Oreskes is right to celebrate these social studies of science, and she is guarded in her acceptance of what they have offered. This work has indeed revolted against oversimplified claims that evidence and reasoning suffice, on their own, to bring about scientific consensus. Yet, rejecting this view of the scientific method has sometimes led  scholars to replace one bad picture with another. The disembodied impartial observers and rigorous thinkers in narratives of old—members of Francis Galton’s secular priesthood, perhaps—give way, in some newer accounts, to unthinking networkers pursuing, in Bruno Latour’s famous phrase, “politics by other means.” Oreskes doesn’t go all the way in dismissing the cognitive and epistemic explorations of researchers; her scientists haven’t yet turned into zombies, mere vehicles for the mindless transmission of social and political forces.

Yet to my mind, she adopts a diluted version of what feminist thinkers such as Longino have to offer. Bringing together a diverse group of people is not likely to achieve very much if their exchanges take the unproductive forms apparent in many clashes about “the facts,” debates in which some parties often seem impervious to evidence. Unless collective investigation uses reliable methods for gathering evidence and for analyzing the findings, it can easily end in an impasse. Surely, part of the story must explain just how “sustained engagement with the world” is supposed to go—and how exactly that engagement interacts with the social character of science. About this, Oreskes says too little.

Or, more exactly, she says too little in those passages in which her discussions operate at the general level—where she is trying to say how science, in all its healthy forms, works to earn public trust. Excellent historian that she is, she provides lucid and convincing case studies of how particular pieces of scientific research—from critiques of continental drift to eugenics and the relation between hormonal birth control and depression—go awry and how, precisely, they diverge from those that go well. Indeed, throughout the book she elaborates on aspects of “engagement with the world” and social exchange that tacitly give more substance to her abstract answer. Moreover, she qualifies the schematic thesis I have cited with some thoughtful “caveats,” as she calls them, and qualifications.

Unless collective investigation uses reliable methods for gathering evidence and for analyzing the findings, it can easily end in an impasse.

Still, her general account, including all the caveats and codicils, leaves it quite unclear how she thinks the mental life of scientists actually goes. None of this is likely to provide an adequate answer to the skeptic who takes Longino’s appeal to diversity at face value and wonders why an even more diverse community—say, one containing climate deniers—wouldn’t be still more objective, and why it shouldn’t operate according to the rules of intellectual exchange that those who challenge climate change prefer. Unless more is said to explain how the cognitive and the social fit together, a precise answer to the title question proves elusive. In recognizing the inadequacies of earlier attempts to address methodological questions, without considering in full detail how the new perspective might supply better answers, Oreskes deprives herself of the resources to complete her central project. The commentaries on her chapters offer helpful clues for developing it more precisely.
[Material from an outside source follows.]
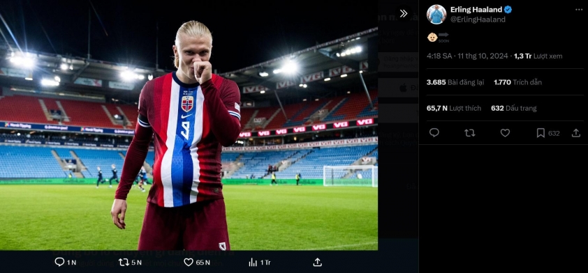 Tiền đạo của Manchester City đã ghi cú đúp trong chiến thắng 3-0 của đội tuyển Na Uy trước Slovenia tại Nations League vào rạng sáng 11/10 (giờ Việt Nam). Thành tích trên giúp anh trở thành cầu thủ ghi bàn nhiều nhất trong lịch sử đội tuyển quốc gia. Sau trận đấu, cầu thủ 24 tuổi đã lên mạng xã hội, có vẻ như để úp mở rằng anh sắp trở thành bố.

Many people would approach Oreskes’s question very differently from the way she has chosen—placing more emphasis on how scientists engage the world, rather than how they work collectively to produce knowledge. Some, for example, would follow the historian Susan Lindee’s suggestion in her reply to Oreskes: science is trustworthy just because it works. “Every day we move through systems built from scientific knowledge,” she writes. “Many beloved and highly trusted technologies of everyday life are the direct result of legitimate and trustworthy scientific research.” Lindee takes the quotidian example of frozen peas as her running object lesson in trust.

Oreskes contends this defense of science won’t do. The history of science, she points out, is full of claims that particular hypotheses and theories are successful, and thus on the track of truth. The vast majority of those hypotheses and theories are, by current lights, false—we might even say, radically false. Hence, we should be loath to suppose that our own scientific beliefs, successful as they appear to be, will endure. Very probably, our successors will regard them as error-ridden.

Many ways of responding to this argument have emerged in recent decades. For the purposes of evaluating the trustworthiness of science, the best is to take a pragmatic approach to the historical record. Whether or not the hypotheses of the past turned out to be correct, those who adopted them on the basis of their successes—the problems they helped to solve and the predictions they helped to make—were entirely warranted in doing so. As are we in our similar situation today. A thoughtful scientist, reminded of the track record of inquiry, might reply to Oreskes as follows: “I rely on hypotheses that show themselves to be successful and put them to work in my efforts to solve further problems. I treat them as true. Of course, I’m aware that I may be wrong about this. My adoption of them is provisional. But taking them seriously and using them as I do—treating them as true—is a good strategy. For I see two possible outcomes. Maybe I shall be lucky and the hypotheses will endure as part of science in the indefinite future of human inquiry. Or maybe they will be replaced by something superior. Yet the history of science also shows that superior theories tend overwhelmingly to emerge from attempts to push apparently successful hypotheses as far as possible. Precisely because people take them seriously—treat them as true—they serve as stepping stones to better science. You can now see why pursuing this strategy is a good one: heads I win, tails I win.”

If our scientist is also up to date on recent discussions of values in science—perhaps she has read Heather Douglas’s Science, Policy, and the Value-Free Ideal (2009)—a qualification or two may follow. “There are, naturally, limits to the use I make of hypotheses I endorse. Sometimes applying a particular claim might have considerable impact on human welfare. If I were wrong, people’s lives might be severely damaged. It’s important, therefore, that I consider the contexts in which past successes have been achieved, not extrapolating too far in transferring ideas into domains where the application is risky in this way and the course of action unprecedented.” (In this, our scientist has appreciated a point emphasized by two social scientists, Ottmar Edenhofer and Martin Kowarsch, in their commentary: scientific decisions should sometimes be based on cost-benefit analysis.)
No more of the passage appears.